# Need the ultimate CQ weapon???



## Farmboy (31 Aug 2005)

Take a look at this  8)

Just got a bunch in, American Tomahawk CQC-T


----------



## Sh0rtbUs (31 Aug 2005)

lmao, how much are they going for?

That German Camo in the back?


----------



## kyleg (31 Aug 2005)

That's multicam if I'm not mistaken. And that's a sexy hatchet. I can only dream of taking down a door (or *cough* a person *cough*) with one of those. Looks more like something that would only be effective on a hollywood set though... but hey, who knows?

Cheers,
Pinky


----------



## The_Falcon (31 Aug 2005)

Is the The Great Milenko on the blade?


----------



## Michael OLeary (31 Aug 2005)

Sh0rtbUs said:
			
		

> lmao, how much are they going for?




http://www.emersonknives.com/indexLatestProducts.html



> Price is $275.00 ..... Order Now ......


 (US $)


----------



## Fishbone Jones (31 Aug 2005)

When I was re-enacting the fur trade era, buckskins, black powder, et al, one of the tools we used was the tomahawk.

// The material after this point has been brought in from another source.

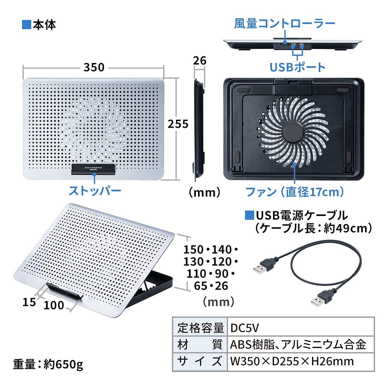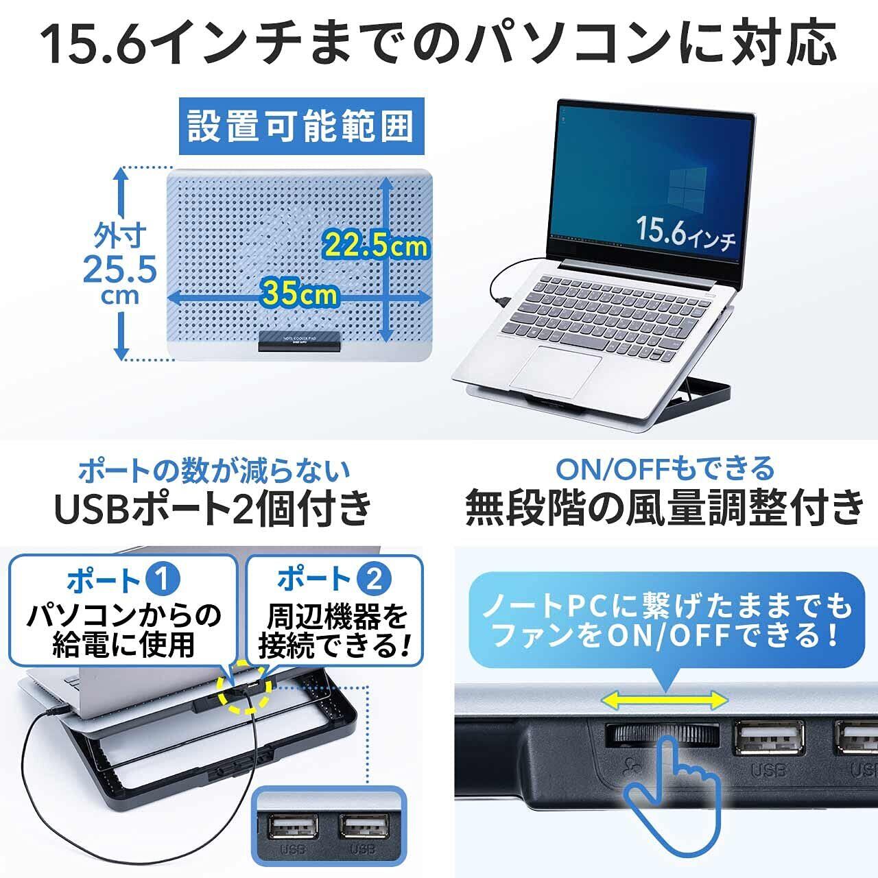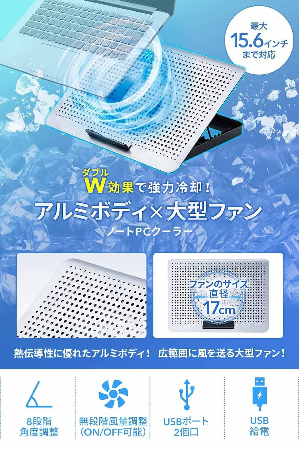 サンワダイレクト ノートパソコンクーラー 冷却台 アルミ 15.6インチ対応 静音 角度8段階 風量無段階 USB2ポート USB給電 400-CLN031

Some of the research we did showed it as one of the most versatile tools in a mountain man's inventory. It was also favoured by them as the close quarter weapon of choice it was designed to be. Used properly it is extremely effective and intimidating. Most of the ones we used were home made and forged. They were heavy enough to break bone, but balanced and finished (and very sharp) that they could be thrown with finesse. Not that you'd want to toss away your defence in the middle of a fracas, but they could be thrown with very good accuracy.


----------



## BernDawg (31 Aug 2005)

I own a hand forged hawk and they do throw quite nicely.  I wonder how the balance is on this one?


----------



## paracowboy (31 Aug 2005)

I carry a Cold Steel Rifleman's Hawk on my ruck. Love it.


----------



## Farmboy (31 Aug 2005)

ShortBus 

 I'll bring some to Stand To.

 ;D



Price is $360 CDN

Yes, it's multicam



> The Great Milenko


    

 ?

You could shave with the edge 

Haven't thrown this one yet but I'll let you know when I do.


----------



## TCBF (31 Aug 2005)

Nice picture.  Better not have more than 5 rounds in any one of those mags.

 ;D

Tom


----------



## Britney Spears (31 Aug 2005)

This is the obvious solution to all our bayonet related debates. Just make a version that attached to the C7 bayonet lug.


----------



## gate_guard (31 Aug 2005)

Pte.Pinky said:
			
		

> And that's a sexy hatchet. I can only dream of taking down a door (or *cough* a person *cough*) with one of those.



...someone needs a psych assessment... :


----------



## TheShepherd (31 Aug 2005)

U.S Rangers carry a similar tomahawk, but with a wooden handle, if I'm not mistaken.


----------



## TCBF (31 Aug 2005)

"This is the obvious solution to all our bayonet related debates. Just make a version that attached to the C7 bayonet lug."

-Can you just imagine the sweetheart contracts for the space-age plastic scabbards and the CADPAT (temperate, arctic, and arid region) frogs?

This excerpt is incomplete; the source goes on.